Nassif taloneó una vez más a Príncipe; el joven camélido jadeaba y tosía, su
empeño por avanzar más rápido chocaba con la imposibilidad de hacerlo; llevaba más
de una hora galopando, superando pronunciadas dunas; aunque debió rodear las últimas,
su energía disminuía paulatinamente.
Los graznidos de los buitres aumentando en intensidad provocaron en él una
sutil reacción, más mecánica e instintiva que racional. Pareció que el peligro alertara
su mente obnubilada; intentó espantar a los pajarracos que sobrevolaban en círculos
cada vez más bajos, prestos para el festín, no pudo hacerlo; los brazos se negaron a
obedecer. Por último, tras ingentes esfuerzos logró apoyarse sobre un codo y levantar
la cara; tenía los ojos cegados por la prolongada exposición al sol; el fin estaba
próximo. Quiso gritar y le resultó imposible; notó la mandíbula apretada, la lengua
había alcanzado proporciones alarmantes, hasta convertirse en una enorme masa de
carne informe e insensible; creyó incluso que se la habían arrancado. Sumido en la
brumosa semiinconsciencia, emitía palabras inconexas; por último, exhaló un gemido y
quedó inmóvil con el rostro sobre la arena.
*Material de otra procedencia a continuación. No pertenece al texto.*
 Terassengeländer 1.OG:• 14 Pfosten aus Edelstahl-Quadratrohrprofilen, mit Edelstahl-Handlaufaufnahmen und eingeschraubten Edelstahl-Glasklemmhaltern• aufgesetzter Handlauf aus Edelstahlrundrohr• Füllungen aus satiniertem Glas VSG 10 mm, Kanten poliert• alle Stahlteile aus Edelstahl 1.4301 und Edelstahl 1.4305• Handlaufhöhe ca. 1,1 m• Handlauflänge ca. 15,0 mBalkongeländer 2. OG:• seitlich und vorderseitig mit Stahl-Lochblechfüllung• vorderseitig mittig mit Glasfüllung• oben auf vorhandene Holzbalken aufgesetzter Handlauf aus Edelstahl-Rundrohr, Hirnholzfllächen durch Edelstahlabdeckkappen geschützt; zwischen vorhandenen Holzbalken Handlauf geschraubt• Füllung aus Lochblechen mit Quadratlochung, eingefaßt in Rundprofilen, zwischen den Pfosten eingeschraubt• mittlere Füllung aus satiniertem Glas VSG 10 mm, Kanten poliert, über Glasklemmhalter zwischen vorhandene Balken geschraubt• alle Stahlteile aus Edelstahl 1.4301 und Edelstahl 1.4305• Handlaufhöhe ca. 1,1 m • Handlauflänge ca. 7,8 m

Se aproximaba al sitio donde divisara las aves de presa; faltaba un último
esfuerzo.
-Vamos, Príncipe, ¡tú puedes hacerlo! -El fiel animal, como entendiendo y
obediente al pedido de su dueño, aceleró el paso e inició la ascensión de un elevado
montículo de arena; ya en la cima cayó de rodillas, exhausto. Nassif le acarició la
cabeza pronunciando en su oreja palabras de aliento y lo ayudó a tenderse en el suelo.
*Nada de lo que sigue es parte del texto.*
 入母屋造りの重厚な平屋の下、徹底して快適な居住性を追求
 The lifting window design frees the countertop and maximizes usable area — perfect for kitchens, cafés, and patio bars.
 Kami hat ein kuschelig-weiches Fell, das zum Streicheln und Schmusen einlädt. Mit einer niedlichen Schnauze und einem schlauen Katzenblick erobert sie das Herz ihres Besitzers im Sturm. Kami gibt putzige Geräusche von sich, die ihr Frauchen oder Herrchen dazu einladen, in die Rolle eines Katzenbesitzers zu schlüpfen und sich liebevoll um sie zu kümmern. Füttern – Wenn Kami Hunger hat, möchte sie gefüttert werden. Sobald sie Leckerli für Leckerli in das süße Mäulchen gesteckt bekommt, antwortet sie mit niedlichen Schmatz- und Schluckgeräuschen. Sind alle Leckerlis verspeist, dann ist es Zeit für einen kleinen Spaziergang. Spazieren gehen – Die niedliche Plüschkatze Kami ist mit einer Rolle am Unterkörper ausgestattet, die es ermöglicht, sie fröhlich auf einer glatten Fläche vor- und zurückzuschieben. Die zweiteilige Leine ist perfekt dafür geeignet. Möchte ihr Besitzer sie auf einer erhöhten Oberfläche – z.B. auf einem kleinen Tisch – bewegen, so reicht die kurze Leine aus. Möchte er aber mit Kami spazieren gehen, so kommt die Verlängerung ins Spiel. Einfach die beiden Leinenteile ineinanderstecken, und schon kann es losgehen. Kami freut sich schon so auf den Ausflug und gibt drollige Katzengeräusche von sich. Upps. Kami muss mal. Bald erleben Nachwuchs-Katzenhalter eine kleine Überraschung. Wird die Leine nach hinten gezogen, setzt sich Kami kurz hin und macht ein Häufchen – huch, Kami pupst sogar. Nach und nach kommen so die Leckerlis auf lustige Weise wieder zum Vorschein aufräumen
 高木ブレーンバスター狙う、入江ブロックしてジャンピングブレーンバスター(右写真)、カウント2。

Dejó descansando a su acémila y reemprendió la marcha. A poco andar divisó un bulto
inmóvil sobre la arena y algunos buitres atacándolo.
Como en un sueño, escuchó detonaciones; luego, la bruma retornó a su
cerebro. Tuvo conciencia del mundo y de sí mismo mucho más tarde, casi
anocheciendo; miró en derredor asombrado. La manta de pieles sobre la que estaba
acostado cerca del agua y las alegres llamaradas de una fogata indicaban la
presencia de seres humanos. El pequeño manantial bajo las palmeras le pareció una
bendición. ¡Agua limpia y fresca! Se sintió bastante bien, aunque casi no veía. Sus
dedos recorrieron la cadena de plata y acariciaron el medallón con la efigie de un
camello y dos cimitarras en cruz en la base; distintivo de su rango dentro de la tribu.
Lo sobresaltó un disparo cercano. Luego, en medio del más completo silencio, se
durmió. Rememoró en sus sueños cómo era seducido con engaños, arrancado del
seno familiar y abandonado a su suerte en medio del desierto. Despertó en la
oscuridad, alguien llegaba cantando. El hombre se acercó sonriente.
-¡Estás despierto! ¿Cómo te sientes?
-Bien... muy bien. Te debo la vida...
-No tiene importancia. En todo caso, agradece a mi camello, él te salvó.
Llegamos muy a tiempo, disparé sobre los buitres que tenías encima; por suerte no te
hicieron daño.
-¿Qué lugar es este?
-El mejor. Estamos en el Oasis de los Venados, abrevan aquí; se espantaron al
vernos pero volverán cuando tengan sed. ¡Mira!, cacé uno cuando huían; su carne es
exquisita -dijo el árabe, aprestándose a desatar la presa, que se columpiaba, sujeta a
la montura por una correa de cuero.
Mientras observaba a su salvador, metió la ampollada mano en el agua fresca
y derramó un poco sobre las quemaduras de su rostro; sintió la caricia del líquido en
la cara y sonriendo ante tanta felicidad, se dispuso a descansar... descansar... des...
can...
Las facciones del joven causaban espanto. Una ojeada le sobró para hacerse un
cuadro de situación; las cuencas vacías de los ojos eran mudo y elocuente testimonio del
horroroso martirio sufrido. Convencido de que podía hacer muy poco por aquel
infortunado, se inclinó sobre él sosteniendo la cantimplora; un sorbito le aliviaría en
parte; vertió unas gotas en la cara del desdichado, lo vio sonreír y... Detuvo su accionar;
quedó con la mano en alto; era inútil, no requería más cuidados. Ante ese paso sutil,
inexorable e involuntario, el breve tránsito de la vida a la muerte; una inmensa mezcla
de rabiosa impotencia y compasión dominaron su espíritu.
No era la primera vez que se encontraba cara a cara con la parca, y siempre que
ocurría experimentaba lo mismo.
La dolorosa certeza de la pequeñez del hombre.
¡El Hombre! ¡El Hombre…!
Un diminuto grano de arena en el infinito desierto del cosmos.